Tim Culpan of Bloomberg notices an oddity about Luckin Coffee, China’s answer to Starbucks:

The pending Nasdaq debut of China’s Luckin Coffee Inc. begs the question of whether it’s a purveyor of beverages, or a technology company.

As I pore through its 286-page IPO filing, I find myself struggling to decide. It’s kind of like Starbucks Corp., I guess, but also a lot like food-delivery giant Meituan Dianping and ride-hailing pioneer Uber Technologies Inc. […]

Luckin posted 841 million yuan ($125 million) in revenue last year, exploding from 250,000 yuan the year prior. But its operating expenses were three times higher than sales at 2.4 billion yuan. And it wasn’t even materials, store rentals or admin expenses that blew out the bottom line.

Marketing costs were 746 million yuan last year. To make every 100 yuan from selling coffee, Luckin spent 152 yuan to produce and market that cup – not including rent and general expenses.

Spending three times more than revenue makes Luckin a tech startup, not an F&B company.

Is it also part of the Belt and Road?

I previously wrote about Luckin here.

Starbucks finally meets its match in China

Its name is Luckin Coffee, it has opened about 500 outlets since its launch earlier this year, and it is reported to be worth over $1 billion, making it China’s first coffee unicorn.

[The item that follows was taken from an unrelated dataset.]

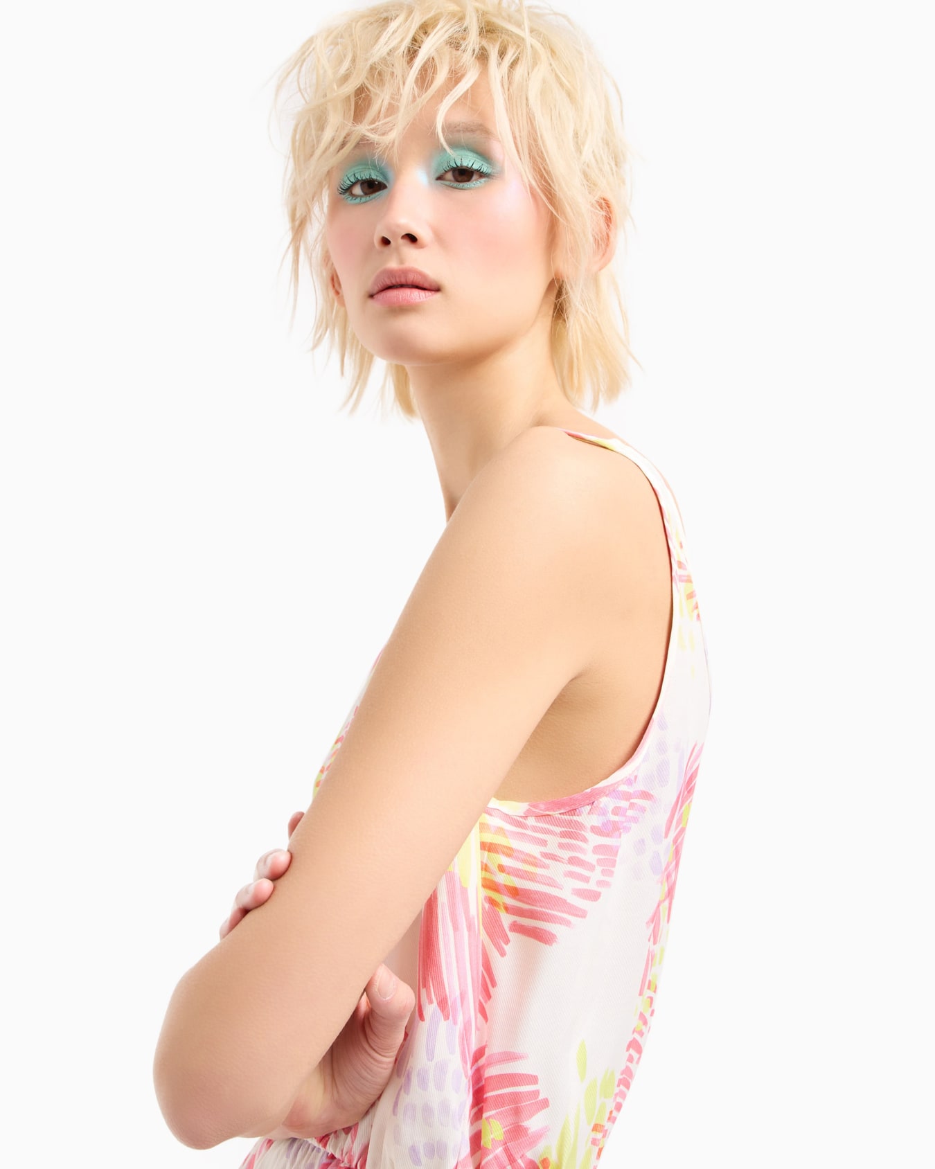 Short jumpsuit in patterned viscose twill

Jeffrey Towson of Peking University has been asking for years why Starbucks doesn’t have a serious competitor in China. Well, now it does.

Naturally, Luckin doesn’t have cash registers and you have to order through their app and pay through China’s mobile panopticon of WeChat/Alipay or the company’s own payment function.

“My take is their big weapon is digital + lower prices + tons of locations,” according to Towson. Is this the Starbucks killer?

Luckin Coffee has the stated goal of beating Starbucks, but even without doing that, they can potentially build a profitable business by getting more Chinese to drink coffee. The current per capita average is four to five cups per year.